# Hello!



## Mouser (Nov 30, 2003)

Hello everyone!
I am a tabby & white kitty living in Australia. I have a website with lots of photos of me and other cats. http://mouserspage.cjb.net
Today I am adding some more pictures.
How does this poll thing work? I will test it out.
Have a nice day


----------



## Aonir (Aug 18, 2003)

I'll post a pic for you..








Aren't those kitties just precious??

Welcome to CatForum


----------



## Ioana (Jul 12, 2003)

Welcome to Catforum  Mouser


----------



## Heather102180 (Nov 19, 2003)

I enjoyed the site. The pics of three cats all huddled together is just way too cute!!!!!


----------



## kristi (Sep 19, 2003)

I love him, very sweet! I admire your courage using the poll! :lol:


----------



## kitkat (Sep 22, 2003)

Your kitties are very very cute, love em hehe but not more than my own of course! Here's their link in this forum

http://www.catforum.com/viewtopic.php?t=1847

I like pics of your cats when they are lying together, its so sweet! 

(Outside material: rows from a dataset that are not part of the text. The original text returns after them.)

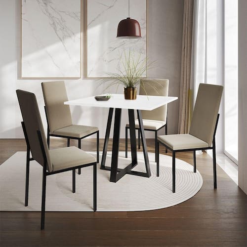 Conjunto De Jantar Mesa Mônaco Premium 90cm Branca Com 4 Cadeiras Estofadas Bege - Cor: Preto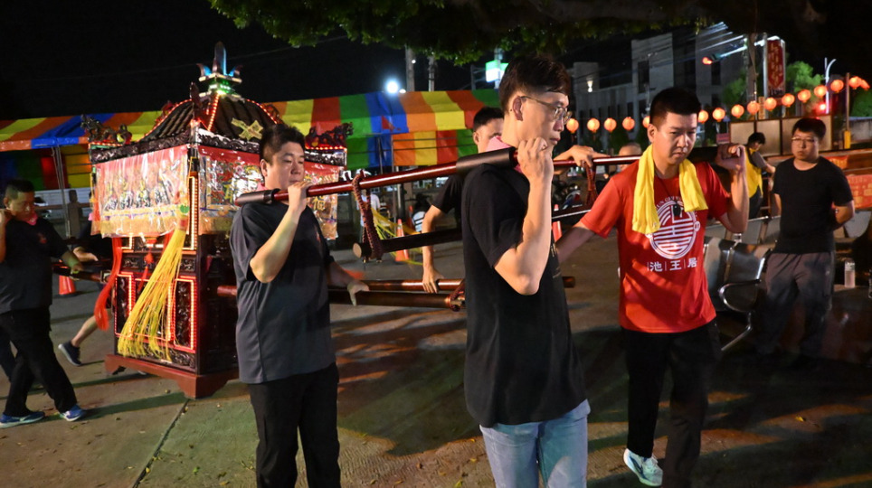 花壇白沙坑文德宮神轎班與三通鼓班有模有樣,無形文化資產有青年踴躍參與的感動!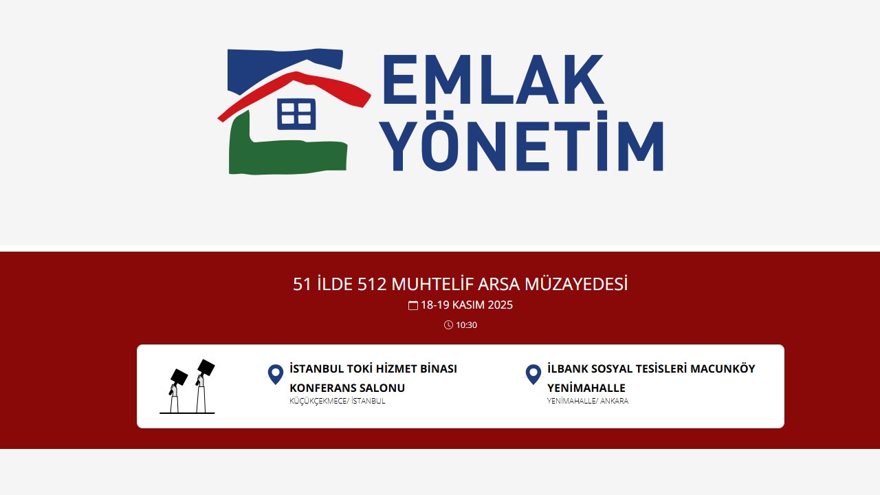 Arsa sahibi olmak isteyenler, yatırım yapmak isteyenler için kaçırılmayacak toprak fırsatı. emlak müzayede üzerinden yapılacak ihalelere bir yenisi eklendi. Türkiye genelinde toplam 51 ili kapsayan arsa satış ihalesi için geri sayım başladı.Emlak Yönetim ve Emlak Müzayede tarafından gerçekleştirilecek arsa satış ihalesine dair ayrıntılar paylaşıldı. Arsa yatırımı yapmak, kendi arsası üzerine konut yapmak isteyenler için cazip fırsatların bulunduğu 512 arsa için satış ihalesi 18-19 Kasım tarihlerinde düzenlenecek. Online olarak katılım yapılabilecek arsa satış ihalesi Emlak Müzayede üzerinden online olarak takip edilebilecek.“51 İLDE 512 MUHTELİF ARSA MÜZAYEDESİ”Tarih ve saat: “18-19 KASIM 2025” • “10:30”Konum kartı (ikonlarla):İstanbul Toki Hizmet Binası Konferans Salonu

Btw, welcome to the forum!


----------



## Mouser (Nov 30, 2003)

kitkat said:


> Your kitties are very very cute, love em hehe but not more than my own of course! Here's their link in this forum
> 
> http://www.catforum.com/viewtopic.php?t=1847


Those kittes are beautiful. Twinkie is great! Long live Twinkie!


----------



## Jeanie (Jun 18, 2003)

Welcome, Mouser! Of course your cats are cute. We're happy to have you join us. Enjoy!


----------